I understand that precision can be an issue and each compiler may optimize the code differently (e.g., fused multiply-and-add) but, setting that aside for now, is there some way to ensure/force the CPU code and the GPU code to both produce the SAME output?

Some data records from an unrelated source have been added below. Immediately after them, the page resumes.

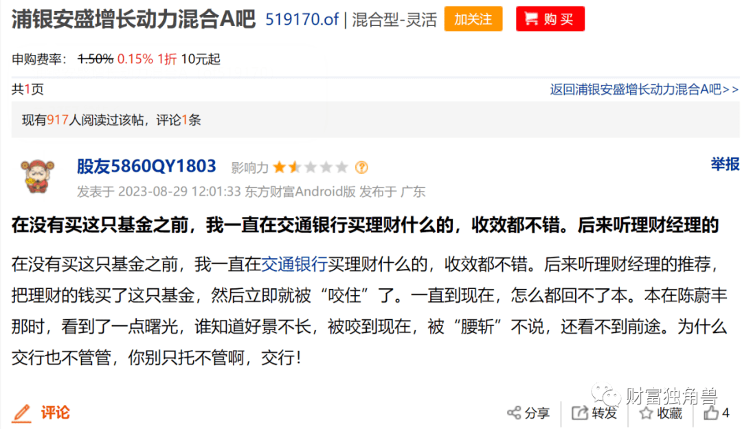 基金业绩亏损,有基民抱怨道,在没有买这只基金之前,我一直在交通银行买理财什么的,收效都不错。后来听理财经理的推荐,把理财的钱买了这只基金,然后立即就被“咬住”了。一直到现在,怎么都回不了本。本在陈蔚丰那时,看到了一点曙光,谁知道好景不长,被咬到现在,被“腰斩”不说,还看不到前途。为什么交行也不管管,你别只托不管啊,交行!有基民跟帖表示,我也和你一样,到交行办理业务,基金经理推荐买的。
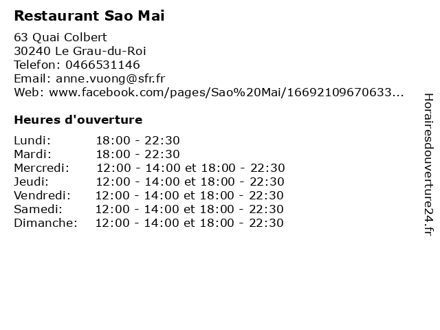 | Samedi | 12:00-14:00 et 18:00-22:30 |
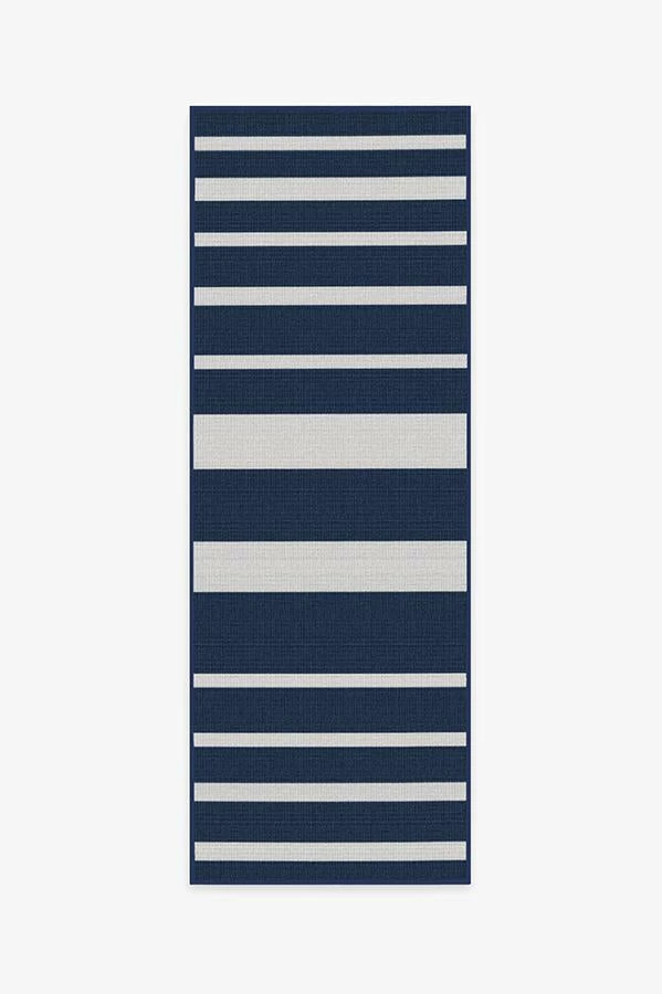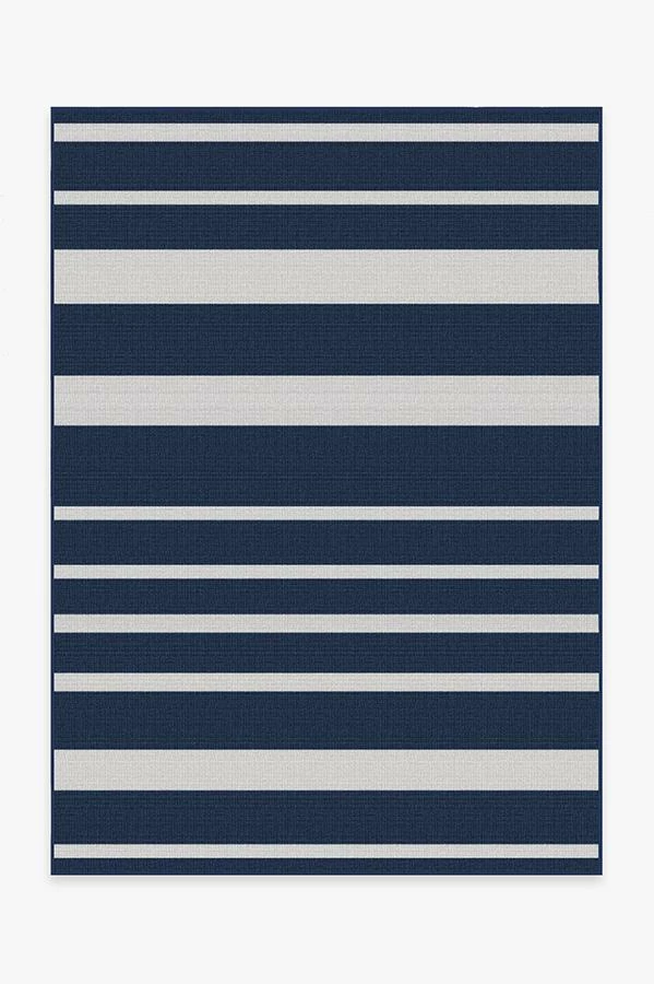 Give your space a nautical touch. Our Sailmaker Stripe Blue Rug has a combination of thin and thick navy blue and light grey stripes with a subtle herringbone texture. The extra-durable, machine-washable material is perfect for both outdoor and indoor use, especially high-traffic areas and those exposed to the elements.

For completeness, I attempted to perform the same computation using the mpmath package which claims to provide fixed precision capabilities:

import mpmath
mpmath.mp.dps = 100  # Precision

def mpmath_cpu_func(a, b, c, d):
    for i in range(a.rows):
        for l in range(d[i], 0, -1):
            for j in range(l):
                a[i, j] = (b[i] * a[i, j] + (1.0 - b[i]) * a[i, j + 1]) / c[i]
    return a[:, 0]

# Convert inputs to mpmath types with high precision
mp_a = mpmath.matrix(a.copy())
for i in range(a.shape[0]):
    for j in range(a.shape[1]):
        mp_a[i, j] = mpmath.mpf(a[i, j].astype(str))
mp_b = [mpmath.mpf(b[0].astype(str))]
mp_c = [mpmath.mpf(c[0].astype(str))]

mpmath_cpu_func(mp_a, mp_b, mp_c, d)  # Produces 0.6449015342958763156413719663014237700252472529553791866336058829452386808983049961922292904843391669

Note that the high precision result is also different from the CPU and GPU results above.

Update

I understand that numerical precision can be an issue (e.g., overflow/underflow) and each compiler may optimize the code differently (e.g., fused multiply-and-add) but, setting that aside for now, is there some way to ensure/force the CPU code and the GPU code to both produce the SAME output (up to 4-5 decimal places)? Or maybe there is some clever way to improve the precision?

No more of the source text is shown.